Given information section start

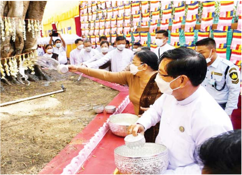
ရွှေတိဂုံစေတီတော်မြတ်ကြီးရင်ပြင်တော်ရှိ မဟာဗောဓိညောင်ပင်အား ရန်ကုန်တိုင်းဒေသကြီးဝန်ကြီးချုပ်ဦးစိုးသိန်းနှင့် တာဝန်ရှိသူများက ညောင်ရေသွန်းလောင်းပူဇော်ကြစဉ်။
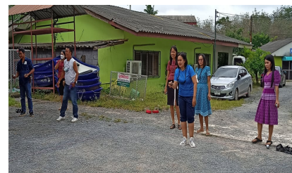
ผู้เข้าร่วมกิจกรรม
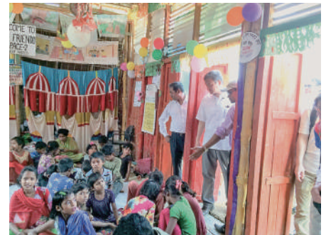
H30.3 バングラデシュ避難民キャンプ視察

Given information section end

Once the pictures are set aside, transcribe the remaining lines above exactly.

▶ _Response box_
ရွှေတိဂုံစေတီတော်မြတ်ကြီးရင်ပြင်တော်ရှိ မဟာဗောဓိညောင်ပင်အား ရန်ကုန်တိုင်းဒေသကြီးဝန်ကြီးချုပ်ဦးစိုးသိန်းနှင့် တာဝန်ရှိသူများက ညောင်ရေသွန်းလောင်းပူဇော်ကြစဉ်။
ผู้เข้าร่วมกิจกรรม
H30.3 バングラデシュ避難民キャンプ視察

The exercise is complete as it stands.